§ Problem: In the entries below, find the line with "Готовим бездрожжевой кулич" and the line with "At center busts"; reproduce those two lines and all lines between them exactly, without pictures.
◆ ◆ ◆ ◆ ◆
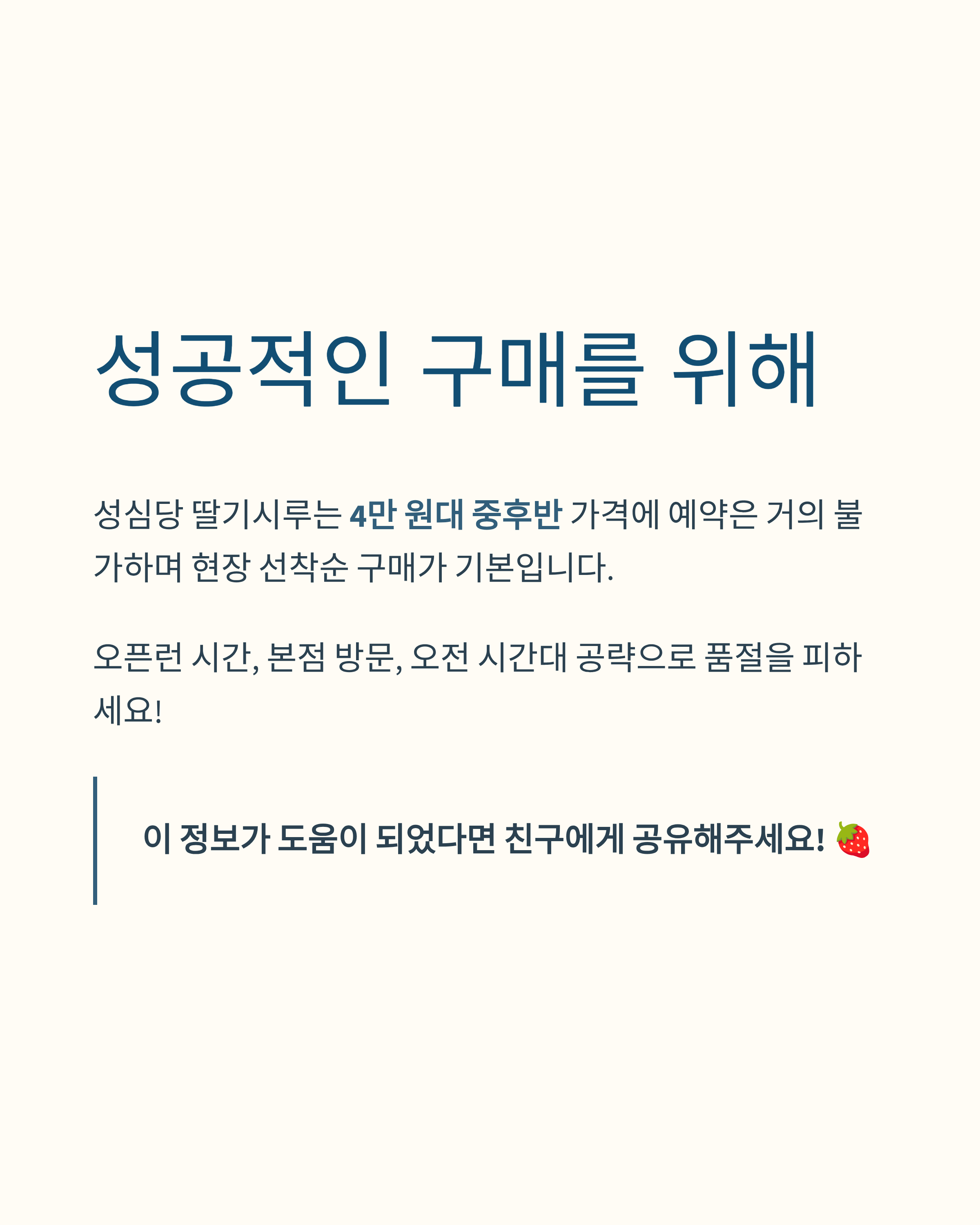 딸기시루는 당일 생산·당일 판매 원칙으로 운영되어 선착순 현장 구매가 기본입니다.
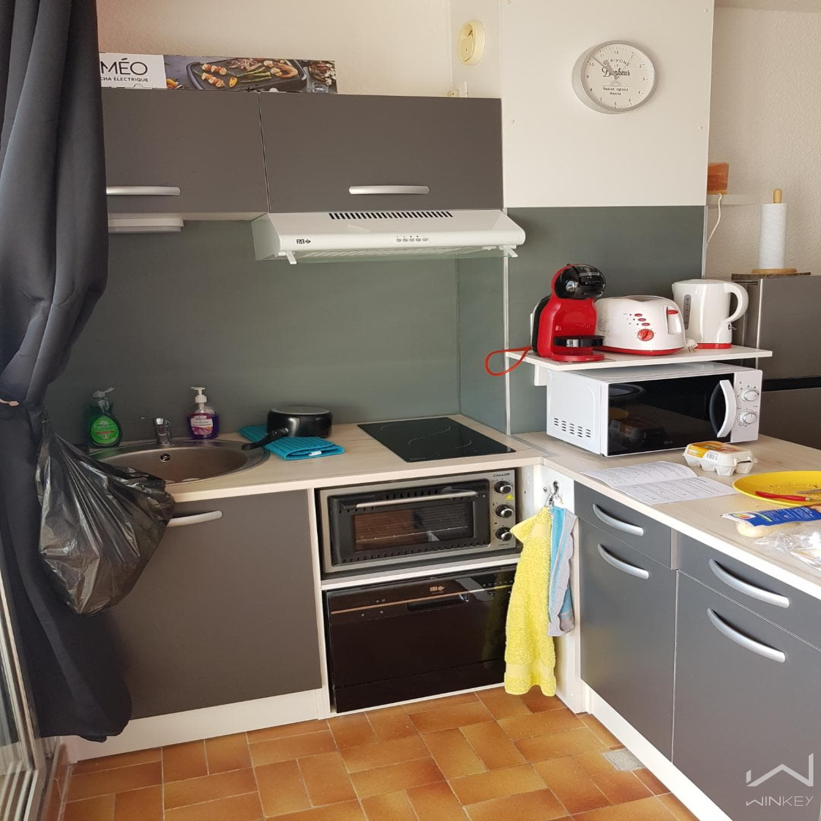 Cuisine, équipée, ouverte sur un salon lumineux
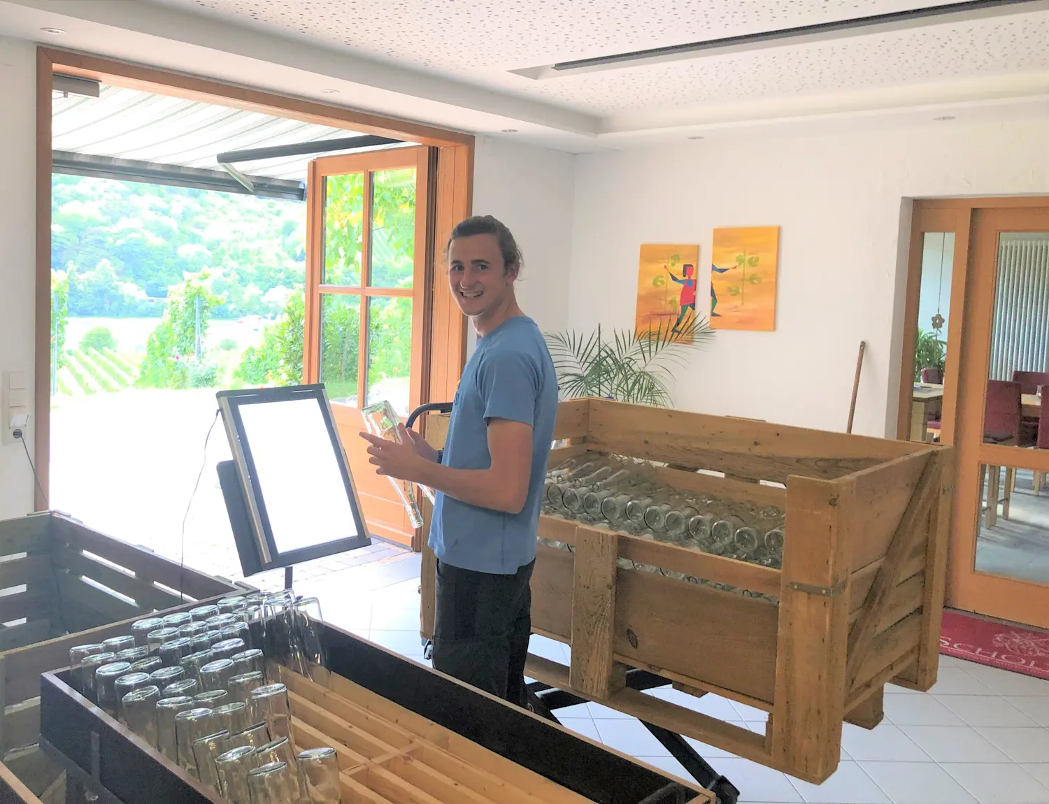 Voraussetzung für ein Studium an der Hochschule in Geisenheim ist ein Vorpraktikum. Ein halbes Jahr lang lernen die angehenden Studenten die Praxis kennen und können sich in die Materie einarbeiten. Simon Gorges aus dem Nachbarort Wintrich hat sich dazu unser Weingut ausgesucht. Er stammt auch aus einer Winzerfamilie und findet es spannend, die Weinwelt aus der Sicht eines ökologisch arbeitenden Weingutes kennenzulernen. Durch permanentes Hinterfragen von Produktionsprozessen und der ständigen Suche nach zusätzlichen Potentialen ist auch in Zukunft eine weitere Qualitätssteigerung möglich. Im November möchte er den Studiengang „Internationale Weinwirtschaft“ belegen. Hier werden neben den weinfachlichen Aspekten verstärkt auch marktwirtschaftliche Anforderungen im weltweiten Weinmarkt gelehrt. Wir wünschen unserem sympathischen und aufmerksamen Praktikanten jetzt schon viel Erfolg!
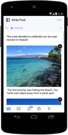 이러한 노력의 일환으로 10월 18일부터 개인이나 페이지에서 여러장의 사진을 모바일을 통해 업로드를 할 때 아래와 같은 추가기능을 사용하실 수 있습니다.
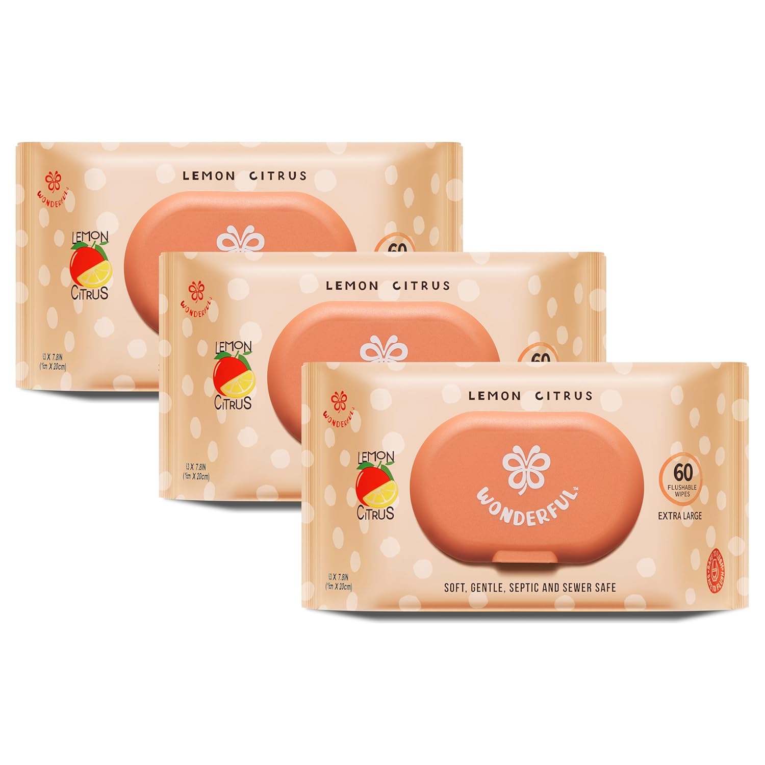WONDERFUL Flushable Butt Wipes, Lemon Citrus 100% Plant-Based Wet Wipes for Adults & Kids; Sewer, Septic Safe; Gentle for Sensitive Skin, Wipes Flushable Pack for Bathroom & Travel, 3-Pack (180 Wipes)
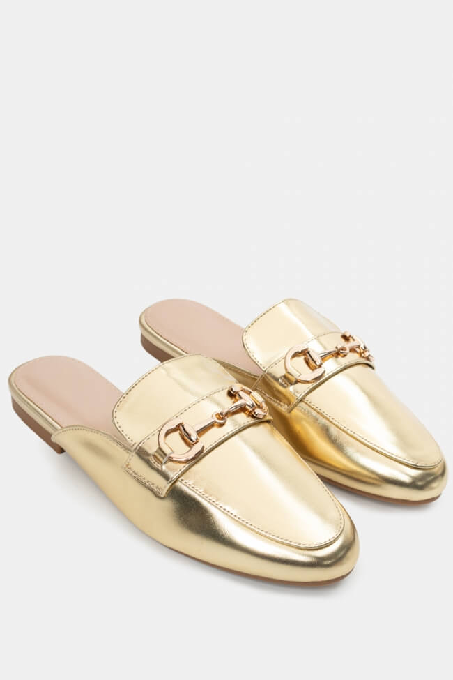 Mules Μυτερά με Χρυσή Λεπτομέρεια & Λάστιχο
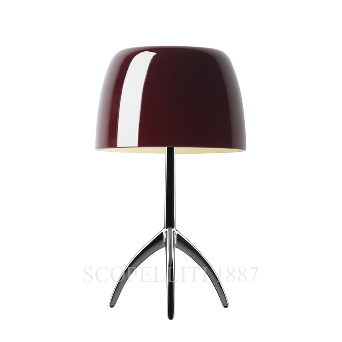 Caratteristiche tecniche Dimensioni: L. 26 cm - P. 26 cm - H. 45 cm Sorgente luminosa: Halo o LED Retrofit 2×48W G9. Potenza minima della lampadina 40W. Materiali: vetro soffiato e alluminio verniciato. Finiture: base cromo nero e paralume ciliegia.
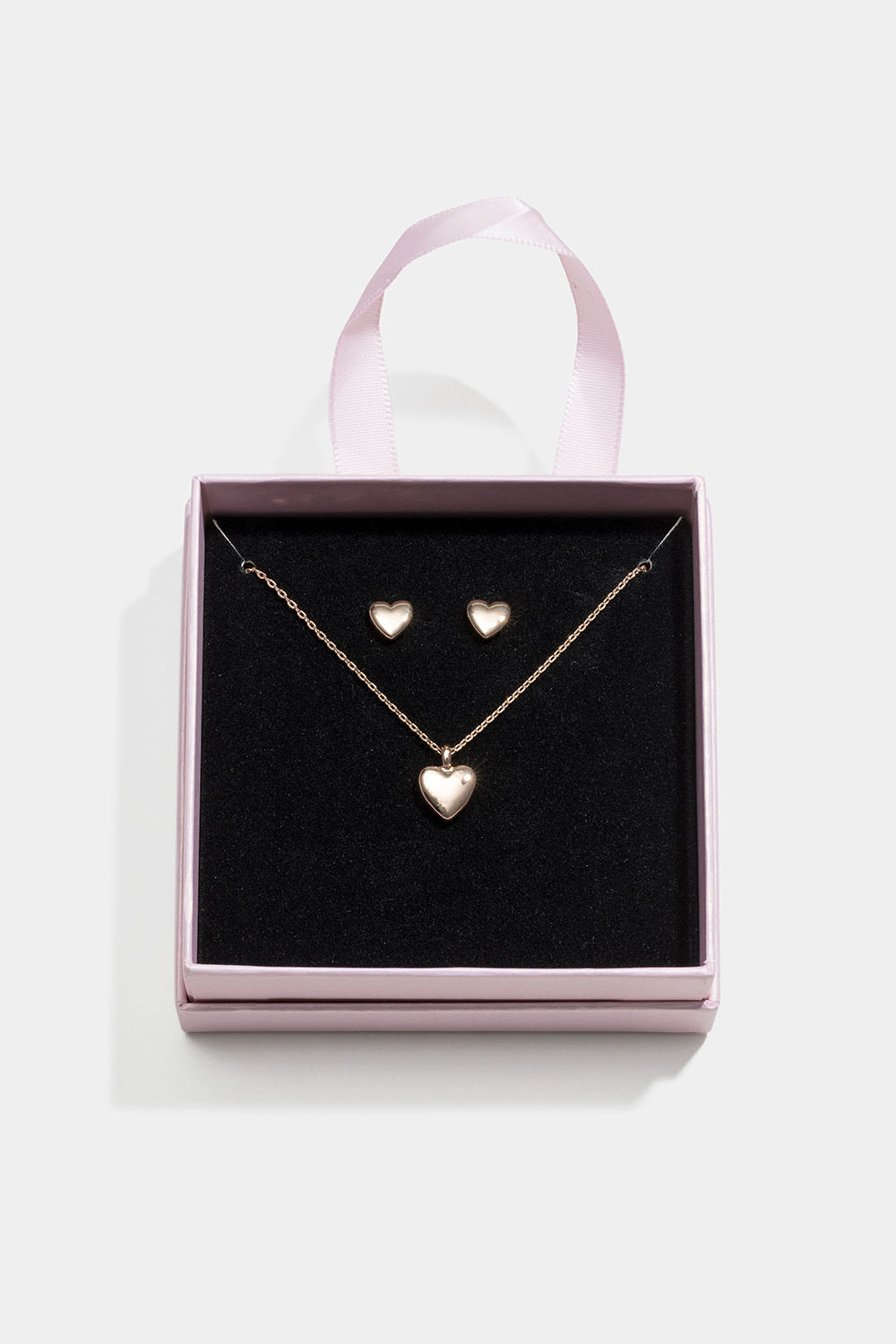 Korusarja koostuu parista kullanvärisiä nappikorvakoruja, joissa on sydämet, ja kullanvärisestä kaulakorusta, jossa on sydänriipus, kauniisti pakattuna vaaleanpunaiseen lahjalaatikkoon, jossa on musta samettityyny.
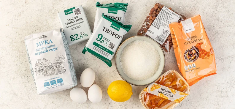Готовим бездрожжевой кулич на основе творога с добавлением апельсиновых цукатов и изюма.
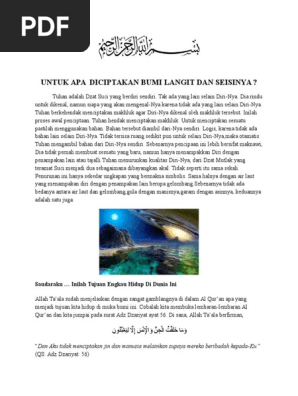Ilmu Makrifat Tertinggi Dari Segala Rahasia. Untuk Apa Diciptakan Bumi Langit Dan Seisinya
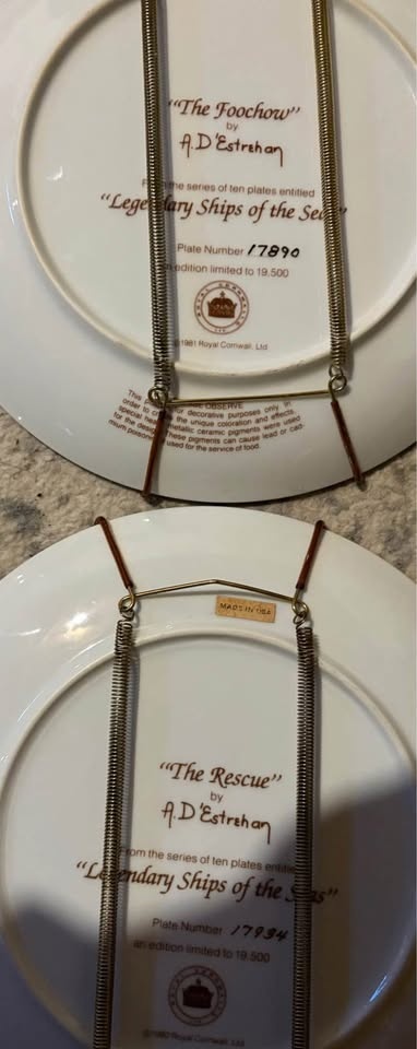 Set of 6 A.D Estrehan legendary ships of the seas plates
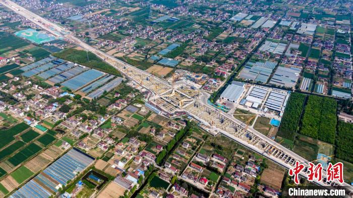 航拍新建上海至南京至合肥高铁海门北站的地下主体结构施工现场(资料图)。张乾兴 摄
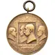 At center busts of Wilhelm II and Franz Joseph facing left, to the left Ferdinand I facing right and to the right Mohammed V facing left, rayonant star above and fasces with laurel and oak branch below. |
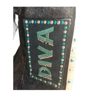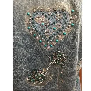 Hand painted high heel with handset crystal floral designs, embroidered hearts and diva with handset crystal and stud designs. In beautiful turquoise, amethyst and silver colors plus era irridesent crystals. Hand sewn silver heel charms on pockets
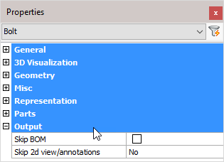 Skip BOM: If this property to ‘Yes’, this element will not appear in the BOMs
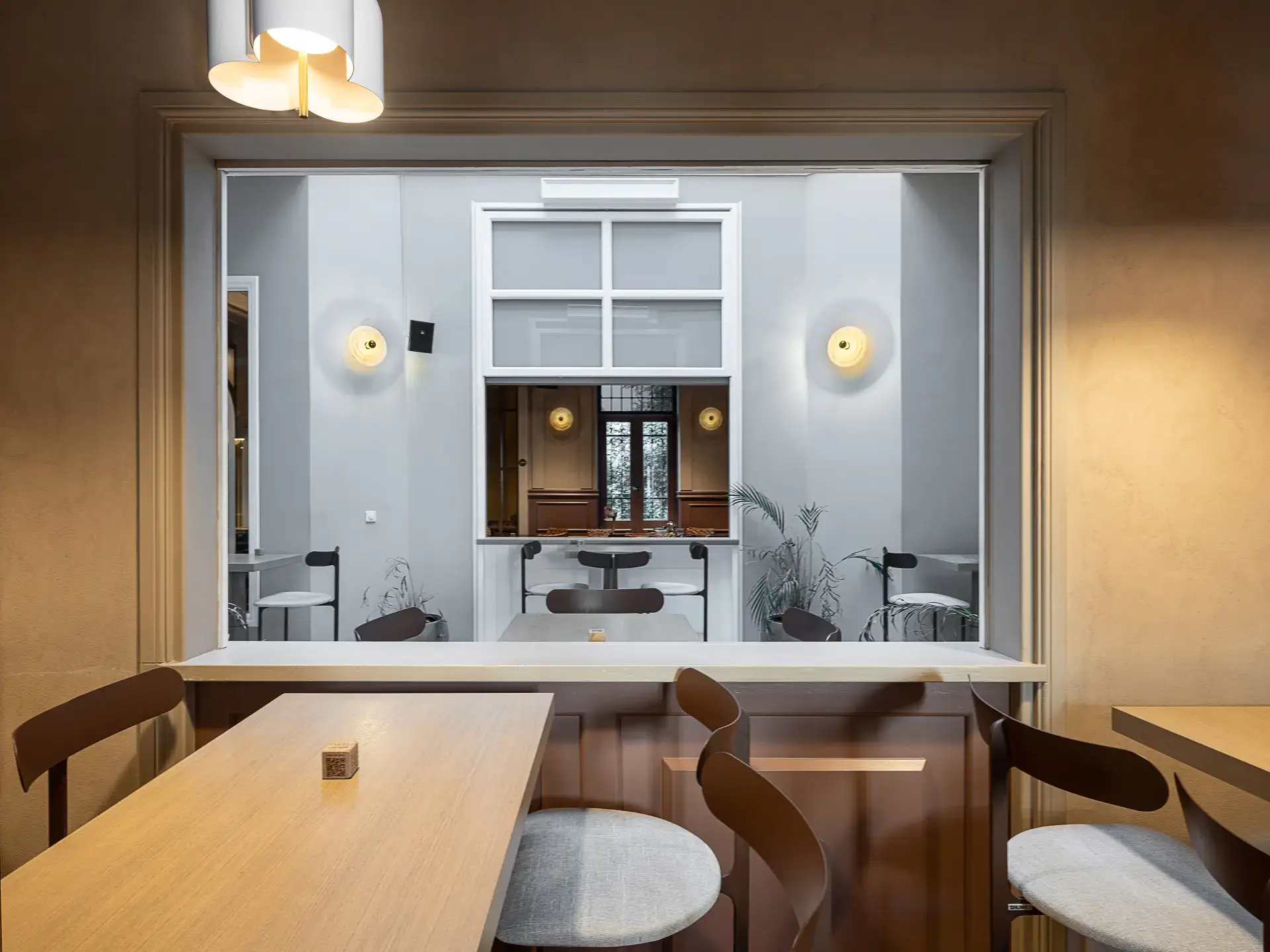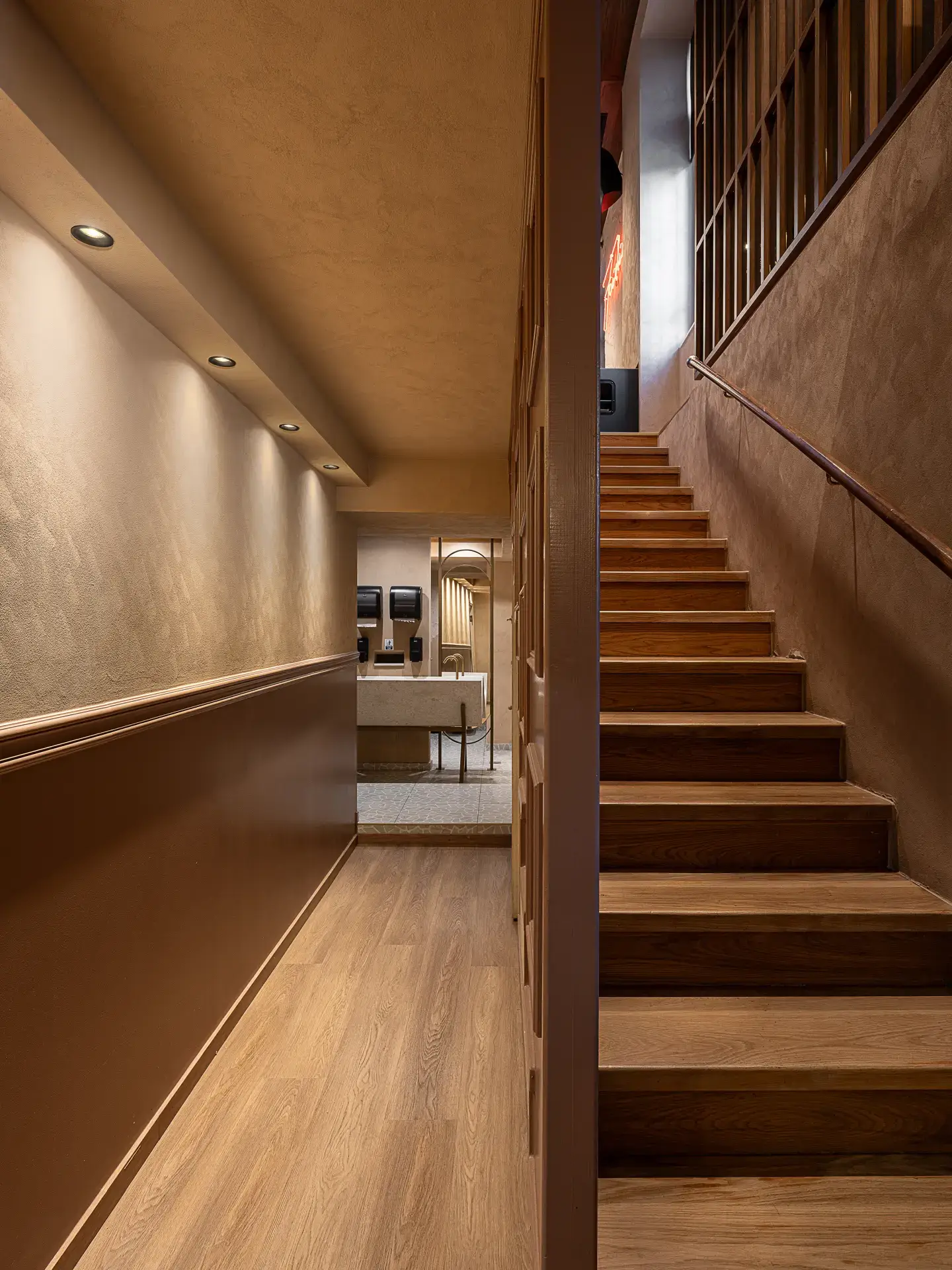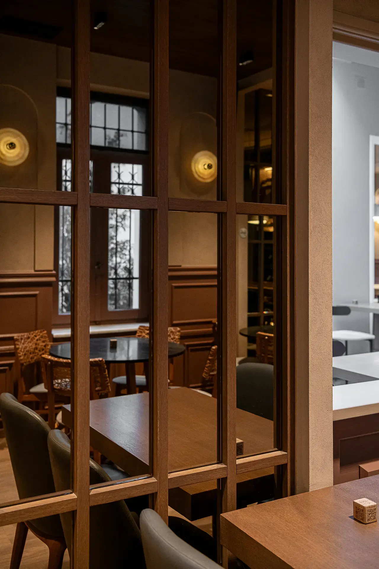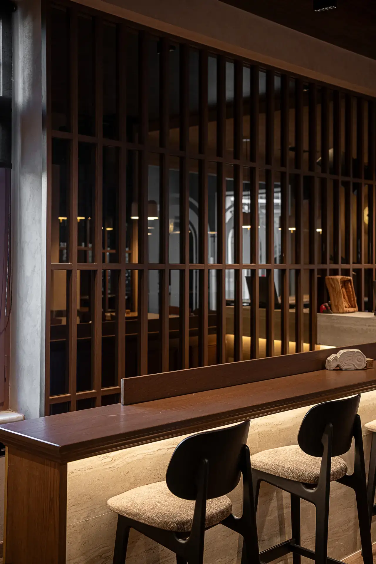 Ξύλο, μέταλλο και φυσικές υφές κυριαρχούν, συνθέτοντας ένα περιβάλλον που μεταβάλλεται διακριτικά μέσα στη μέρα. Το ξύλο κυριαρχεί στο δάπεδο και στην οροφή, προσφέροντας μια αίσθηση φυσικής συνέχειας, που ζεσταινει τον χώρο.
◆ ◆ ◆ ◆ ◆
§ Solution below:
Готовим бездрожжевой кулич на основе творога с добавлением апельсиновых цукатов и изюма.
Ilmu Makrifat Tertinggi Dari Segala Rahasia. Untuk Apa Diciptakan Bumi Langit Dan Seisinya
 Set of 6 A.D Estrehan legendary ships of the seas plates
 航拍新建上海至南京至合肥高铁海门北站的地下主体结构施工现场(资料图)。张乾兴 摄
 At center busts of Wilhelm II and Franz Joseph facing left, to the left Ferdinand I facing right and to the right Mohammed V facing left, rayonant star above and fasces with laurel and oak branch below. |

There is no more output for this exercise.